→ **Exercise requirements**:
Print a faithful copy of the data below, word for word, with the pictures left out.
Stored data Block Start
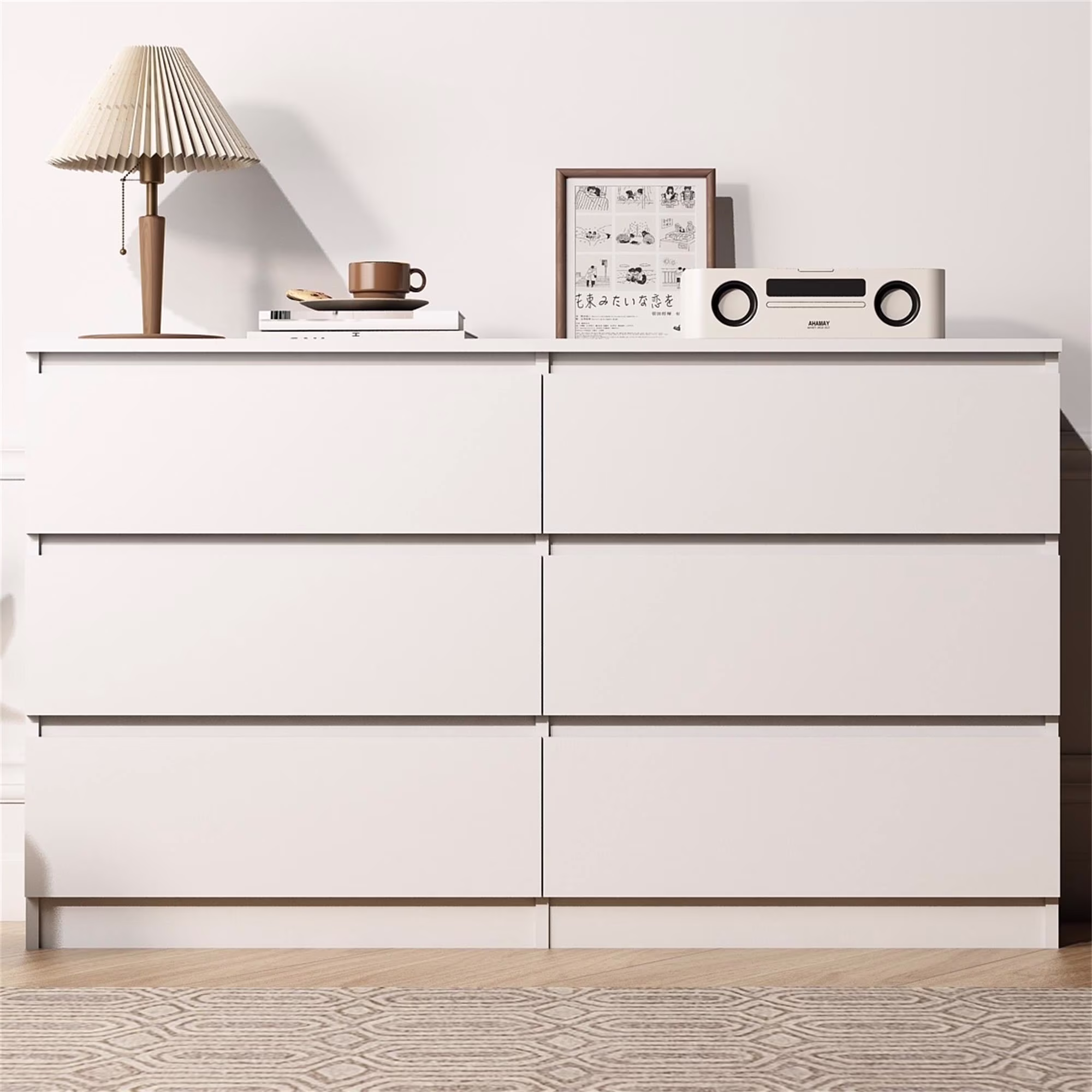 Kadyn White Chest of Drawer, 6 Double Drawer Dresser for Bedroom, Modern Storage Cabinet for Living Room, Dresser
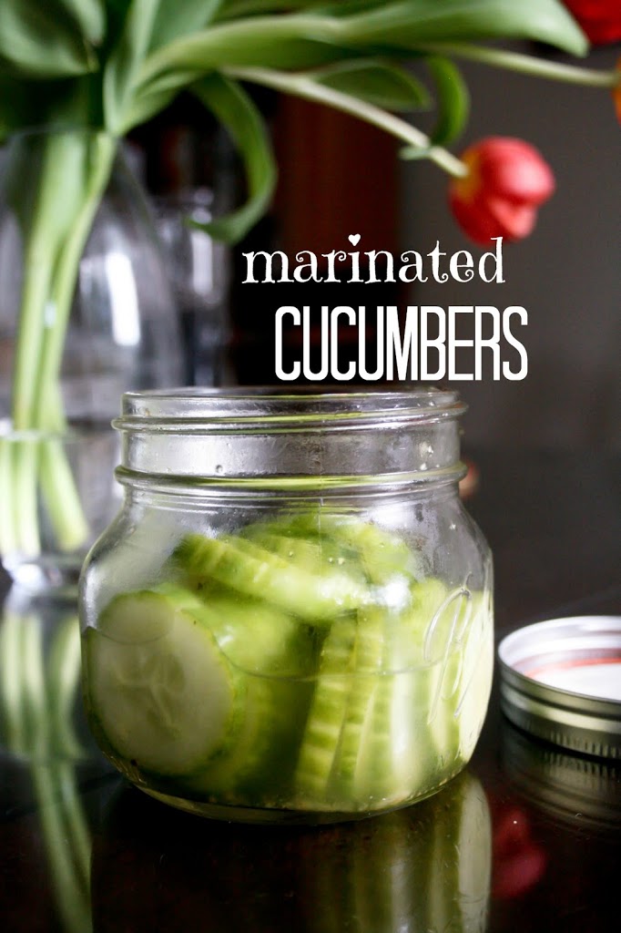 Place all the ingredients together in a jar, then cover it and shake it up to coat the cucumbers and dissolve the sugar. Refrigerate for at least 2 hours (but preferably overnight), and shake the jar every so often to blend flavours.
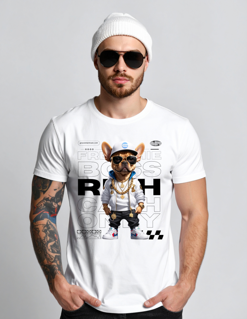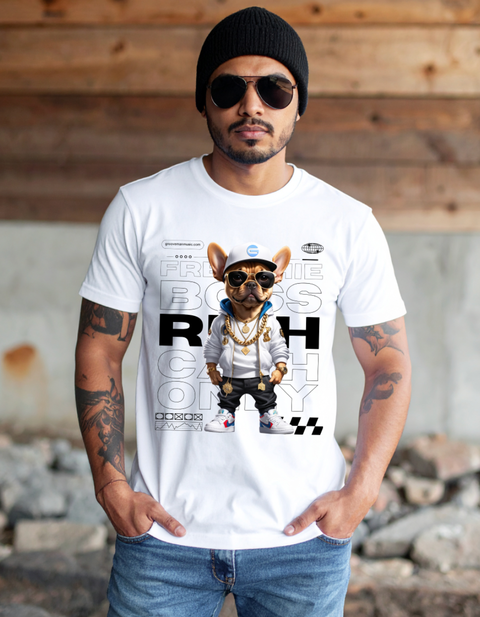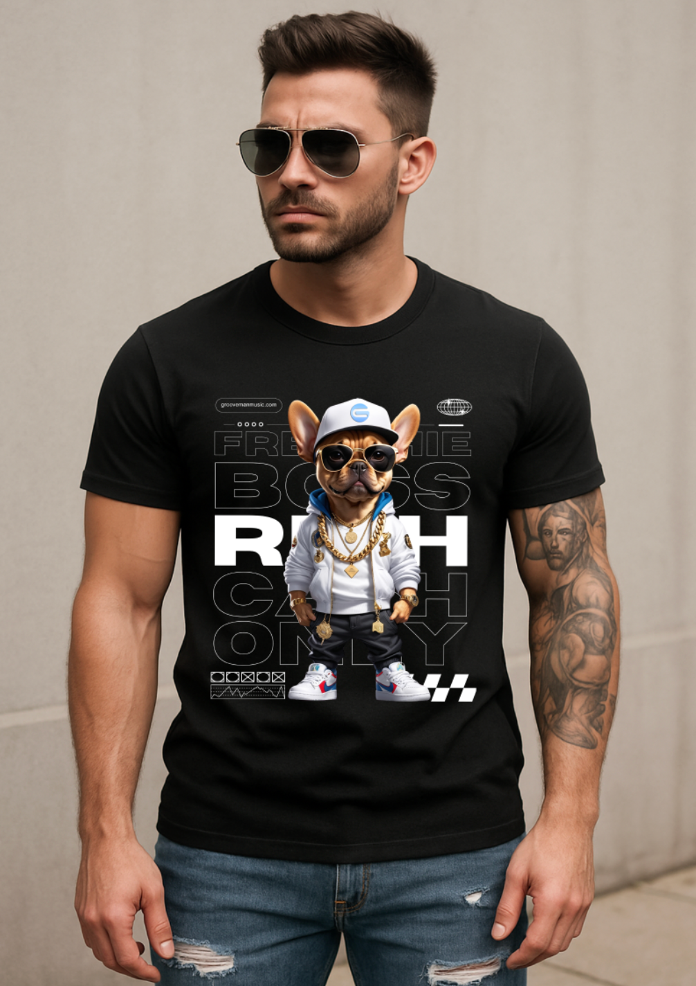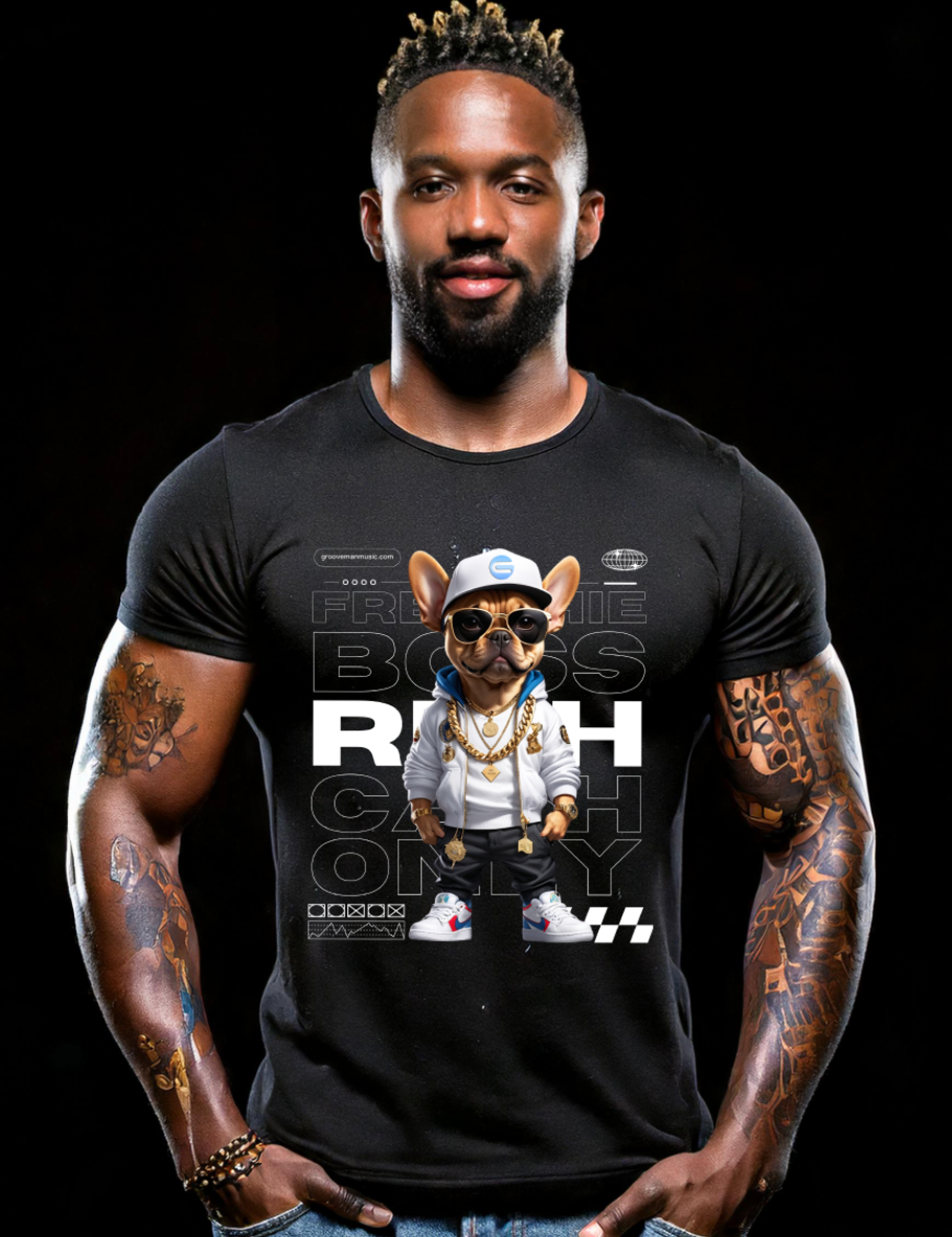 Introducing the Frenchie Flex Tee, where street hustle meets canine swagger. This Grooveman™ original features a bold French bulldog gripping stacks, rocking the rich life like a true boss 💼🐾
Stored data Block End
→ **Solution to the exercise**:
 Kadyn White Chest of Drawer, 6 Double Drawer Dresser for Bedroom, Modern Storage Cabinet for Living Room, Dresser
 Place all the ingredients together in a jar, then cover it and shake it up to coat the cucumbers and dissolve the sugar. Refrigerate for at least 2 hours (but preferably overnight), and shake the jar every so often to blend flavours.
 Introducing the Frenchie Flex Tee, where street hustle meets canine swagger. This Grooveman™ original features a bold French bulldog gripping stacks, rocking the rich life like a true boss 💼🐾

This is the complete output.